I received an email this week inviting me to the March 17 rally in Harrisburg and a telephone call from someone who wanted to discuss my concerns about the current state of affairs in gay politics. The call was perfectly cordial, but I'm left feeling rather unsatisfied. Especially when they wanted my list of other bloggers. I went back and reread some of my recent posts and the comments to figure out the source of my unease.
I'm not sure that I feel particularly frustrated so much as just angry. I'm angy that it is 2009 and we have very little to show for it in Pittsburgh and the larger metropolitan region. Maybe it wouldn't be so irritating if we had some accomplishment in recent memory. With all due respect, a domestic partner registry means nothing.
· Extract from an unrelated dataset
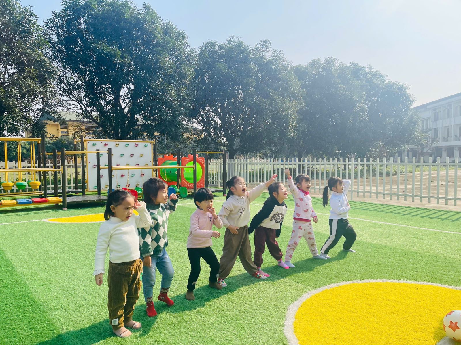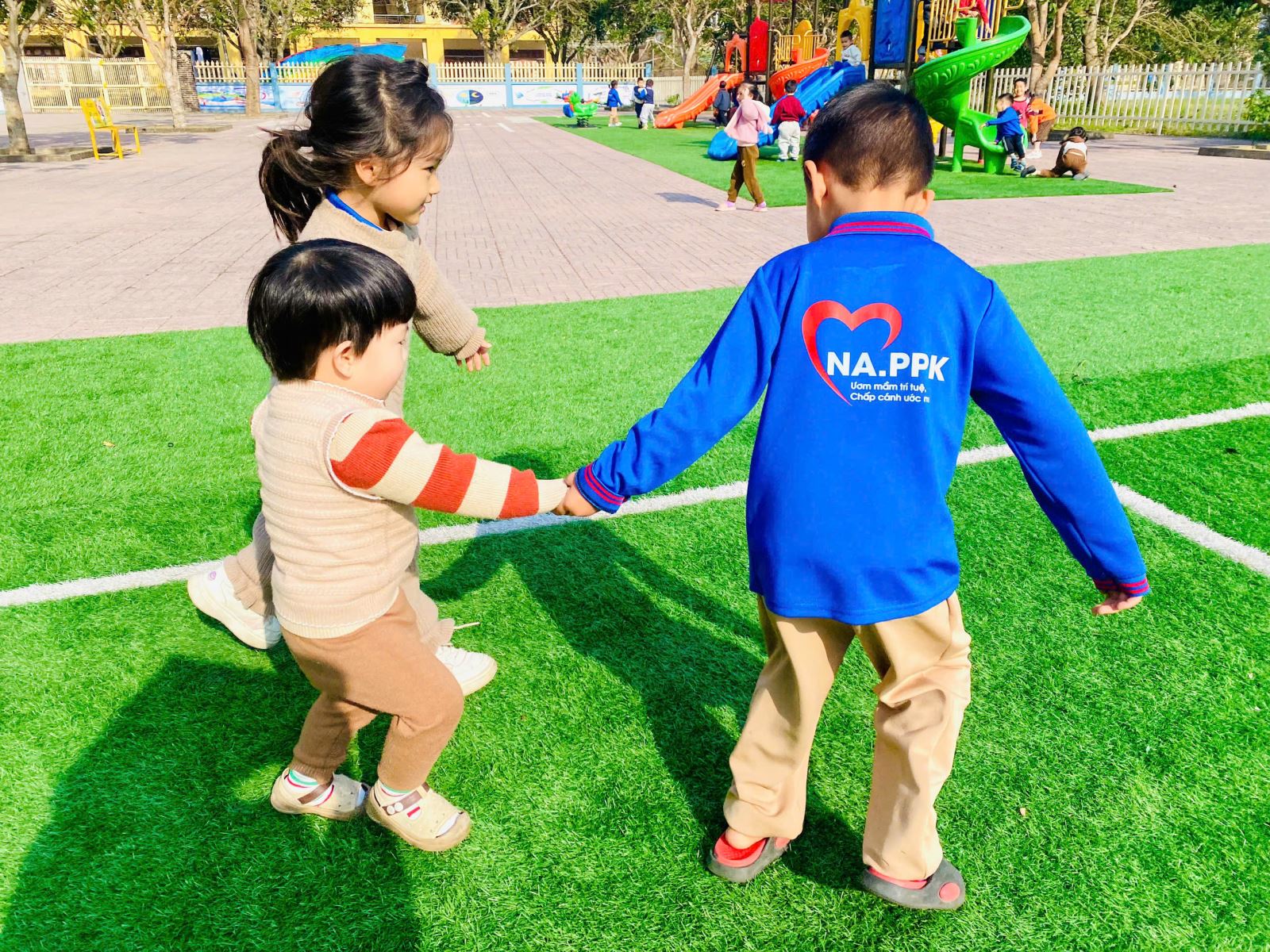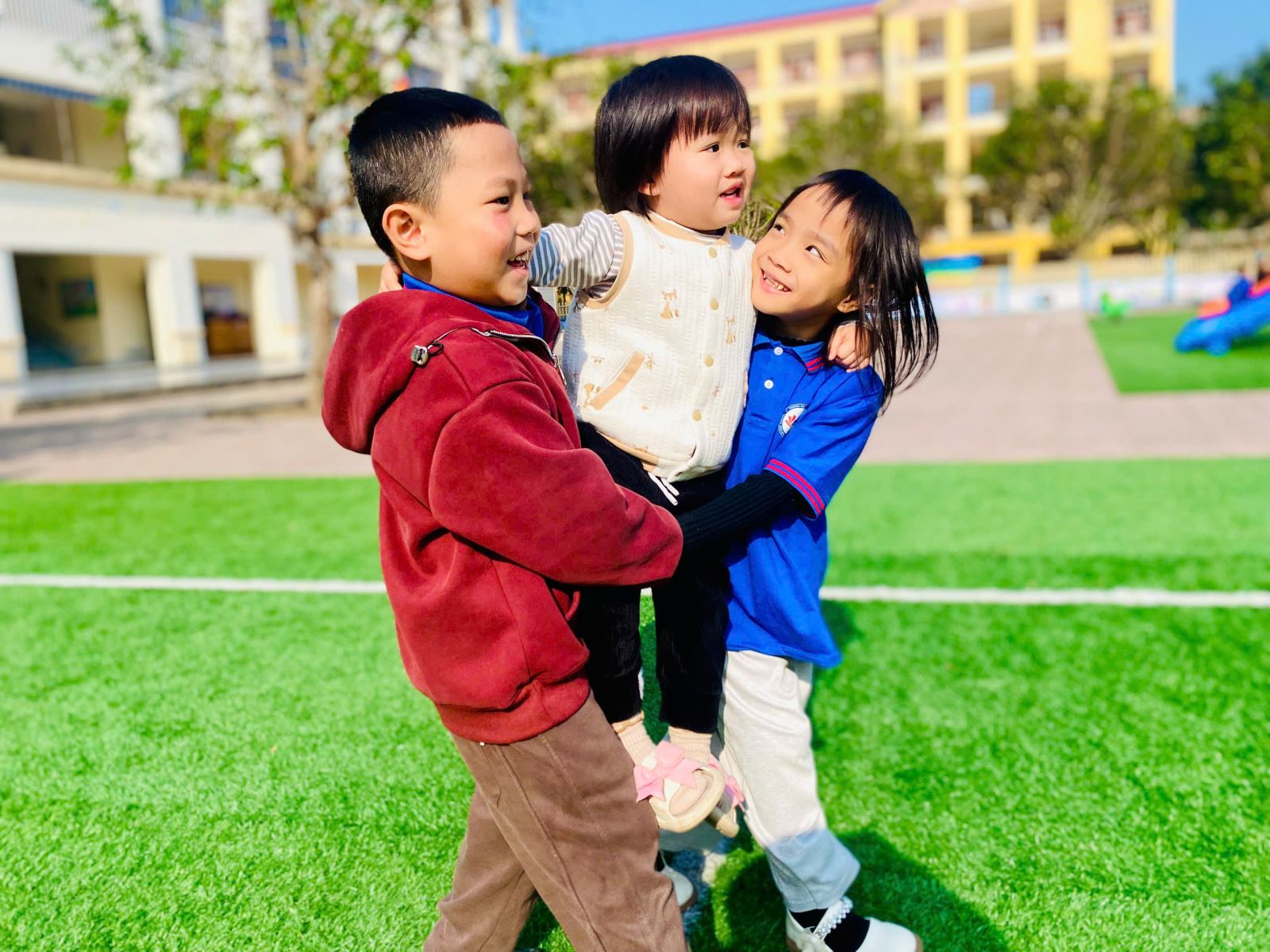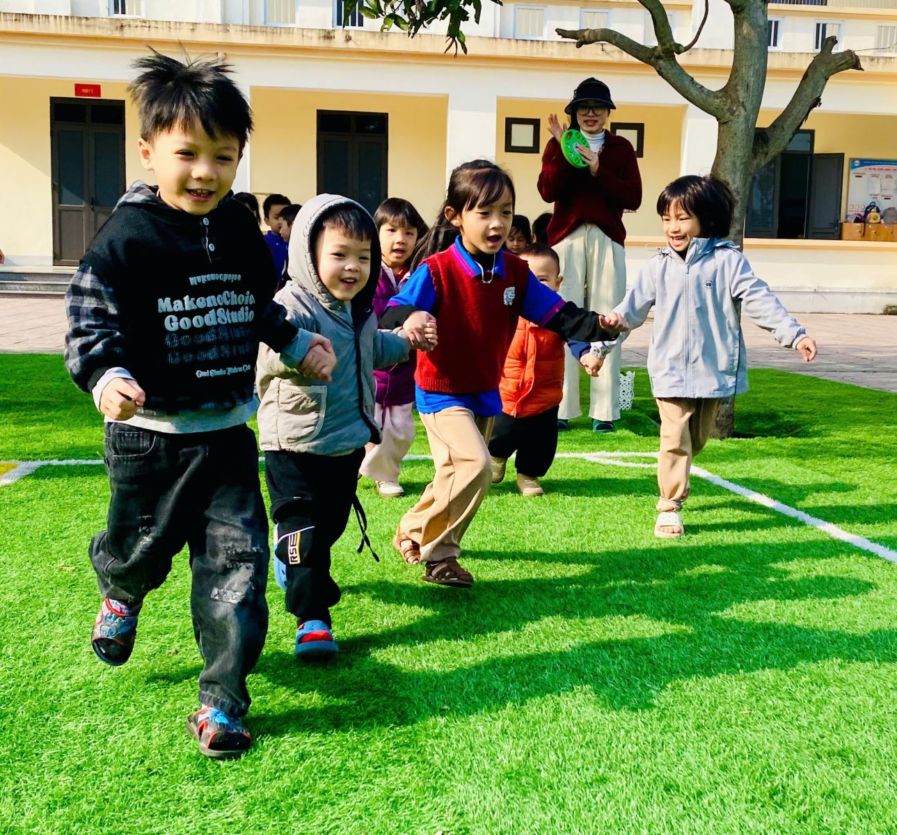 Các hoạt động được thiết kế linh hoạt, khoa học và đảm bảo an toàn, khuyến khích trẻ mạnh dạn tham gia cùng bạn bè khác lớp. Thông qua những trải nghiệm chung ấy, trẻ không chỉ được vận động, khám phá mà còn từng bước phát triển các năng lực xã hội và cảm xúc. Các con học cách hợp tác, chờ đợi, sẻ chia, quan tâm và tôn trọng người khác – những giá trị nền tảng quan trọng cho quá trình hình thành nhân cách trong tương lai.

If the Mayor hasn't made the effort to register City Employees, it is clearly an empty symbol. I can see why it is useful for businesses to have a vetting process for domestic partners, but I have yet to see how it helps us partners.
A recent commented affiliated with one of the major players in gay advocacy said this:
I have come to believe that Sue isn't really interested in the very difficult & complicated work that needs to be done to achieve progressive change. Instead, she mainly seems interested in creating controversy & causing division in an attempt to garner attention for her blog.
Then he emailed me and said that there are no hard feelings. Really? Cause this is pretty harsh. It is one thing to say I'm playing some sort of dilletante dance with blogging for attention and quite another to say I don't grasp the nuances of progressive change. So, yeah, I have some hard feelings. I'm not even doing such a great job of garnering attention given that my blog stats have been pretty consistent for over a year now. Sure a scandal generates a little spike here and there, but really… the same few people come to read me. I've had three prominent local folks tell me they read about my blog when I'm quoted on other blogs. 🙂
If you've been reading, you know the status quo with the Mayor's Advisory Committee and the County work on domestic partner benefits and the HRC ordinance. Clearly, frustrating. Not so clearly, anger inducing. It makes me angry that organizers based in Philly and Harrisburg roll into Pittsburgh for a meeting or two and leave us with half-fulfilled promises. Then they expect us to jump when its time to load up the buses. It is tough to swallow when someone says you don't know what you are doing and then asks for your “list of bloggers” that you've compiled after three years in the trenches. It isn't my responsibility to provide media lists for organizations that have access to computers, internet connections and blogrolls.
It is tough to read on Facebook that people are going to gay roller derby, but don't have time to send out a press release. Or be on the receiving end of a series of drunk emails because I refuse to toe anyone else's line. Drunk emails are fun. When you are 22, not 38. It it tough that people who are clearly angry at me for having an opinion still talk with me and try to justify things. I don't care if I know the rest of the story, as Paul Harvey would say, I care if you know at least some of the story. My hands are tied by promises of staying “off the record.” (For the record, I removed people from my list of Facebook friends that insult me in real life, but want to network with me.)
It is just tough that I think I actually have something to offer, but I'm repeatedly slammed for thinking outside the box and asking uncomfortable questions.
While a statewide non-discrimination bill is a great idea, I just don't think Pittsburgh wins by taking the pressure and resources away from local efforts and pouring them into the state. We may get civil protections, but we also don't have domestic partner benefits in our County and I don't see any of the power players in Democrat politics doing anything about that. Would it really be that hard to convince Dan Onorato to reconsider that one? Really? You can get the farmers from mid-state to protect me from employment discrimination, but I can't get a job at the County? Come on.
It might just be nice if we could have one baby step here in Pittsburgh. Just one. If someone could follow through and get something accomplished before adding on yet another round of phone calls and letters and rallies and so forth then leaving us completely to our own devices for months on end while they “handle” the behind the scenes stuff. Because we are apparently untrustworthy when it comes to knowing that behind the scenes stuff is happening. I mean I know it, but I can't tell you about it.
Maybe the disaster that was the Proposition 8 campaign has taught us a few things about making sure our leaders are accountable to us. Maybe not.
Either way, I'm still feeling uneasy about the convergence of all these non-accomplishments. I'm not sure that Rocking the Dome is the best way to go. I could be wrong, but that's just where I'm at right now.